**SOURCE RECORDS**
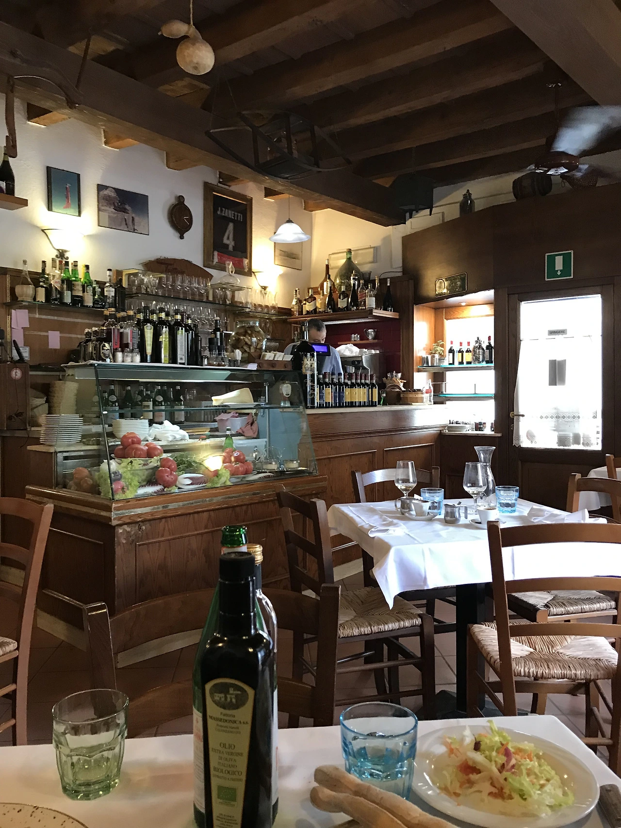 우리가 머무는 이 동네는 피렌체 중심지에서 강 건너 조금 떨어져 있기 때문에, 꽤 조용하다. 나와 엠은 이 동네가 아직 젠트리피케이션이 일어나지 않은 아트 디스트릭트일 수도 있겠다고 생각했는데, 그 이유는 개성 있는 젊은 손님들이 작업을 하고 있는 카페나, 바이닐 샵, 라이브 바, 빈티지 샵들이 많았기 때문이다. 그 골목으로 가기 딱 직전에 있는 이 레스토랑은 역사가 꽤 깊어 보였다. 만화에서 보던 배 나온 이탈리안 아저씨들이 손바닥보다 작은 종이를 가져와 메뉴를 휘갈겨 쓰며, 곳곳엔 코르크 마개가 올려져 있고, 주방은 화가 나지 않았지만, 싸우는 것처럼 대화하는 이탈리안 셰프들이 있다. 천장을 올려 다 보니, 다양한 종류의 바구니들이 매달려 있었는데, 무슨 의미인지는 몰라도, 멋있었다.
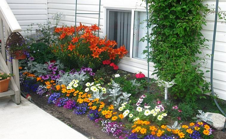 Так выглядит цветник в саду частного дома, фото палисадника которого можно посмотреть ниже.
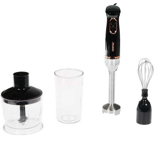 Блендер Centek действует на двух рабочих скоростях и обладает мощностью 800 Вт. Металлическая погружная часть обеспечивает длительный срок службы такого устройства. Блендер Centek укомплектован 600-миллилитровым измельчителем и 600-миллилитровым стаканом. В комплекте с устройством также есть венчик, поэтому вы быстро и с комфортом сможете готовить тесто.
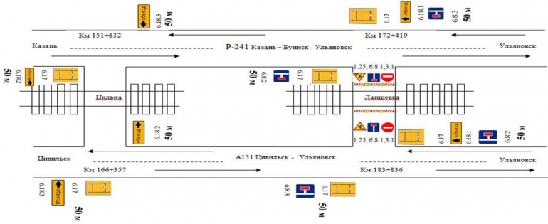 Схема объезда предполагает движение автотранспортных средств через железнодорожный переезд 158 км станции Цильна.
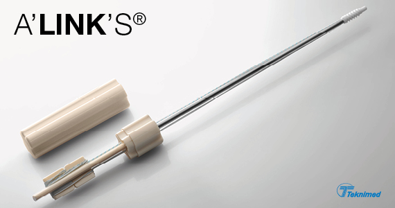 A’LINK’S ® est un ancrage de suture à visser biorésorbable monté dans un tournevis à usage unique avec deux filetages de suture UHMWPE (USP2). L’appareil est stérile et prêt à l’emploi.

**WHAT TO WORK ON**
Leave the pictures out and return each entry exactly.

**EXERCISE ANSWER**
 우리가 머무는 이 동네는 피렌체 중심지에서 강 건너 조금 떨어져 있기 때문에, 꽤 조용하다. 나와 엠은 이 동네가 아직 젠트리피케이션이 일어나지 않은 아트 디스트릭트일 수도 있겠다고 생각했는데, 그 이유는 개성 있는 젊은 손님들이 작업을 하고 있는 카페나, 바이닐 샵, 라이브 바, 빈티지 샵들이 많았기 때문이다. 그 골목으로 가기 딱 직전에 있는 이 레스토랑은 역사가 꽤 깊어 보였다. 만화에서 보던 배 나온 이탈리안 아저씨들이 손바닥보다 작은 종이를 가져와 메뉴를 휘갈겨 쓰며, 곳곳엔 코르크 마개가 올려져 있고, 주방은 화가 나지 않았지만, 싸우는 것처럼 대화하는 이탈리안 셰프들이 있다. 천장을 올려 다 보니, 다양한 종류의 바구니들이 매달려 있었는데, 무슨 의미인지는 몰라도, 멋있었다.
 Так выглядит цветник в саду частного дома, фото палисадника которого можно посмотреть ниже.
 Блендер Centek действует на двух рабочих скоростях и обладает мощностью 800 Вт. Металлическая погружная часть обеспечивает длительный срок службы такого устройства. Блендер Centek укомплектован 600-миллилитровым измельчителем и 600-миллилитровым стаканом. В комплекте с устройством также есть венчик, поэтому вы быстро и с комфортом сможете готовить тесто.
 Схема объезда предполагает движение автотранспортных средств через железнодорожный переезд 158 км станции Цильна.
 A’LINK’S ® est un ancrage de suture à visser biorésorbable monté dans un tournevis à usage unique avec deux filetages de suture UHMWPE (USP2). L’appareil est stérile et prêt à l’emploi.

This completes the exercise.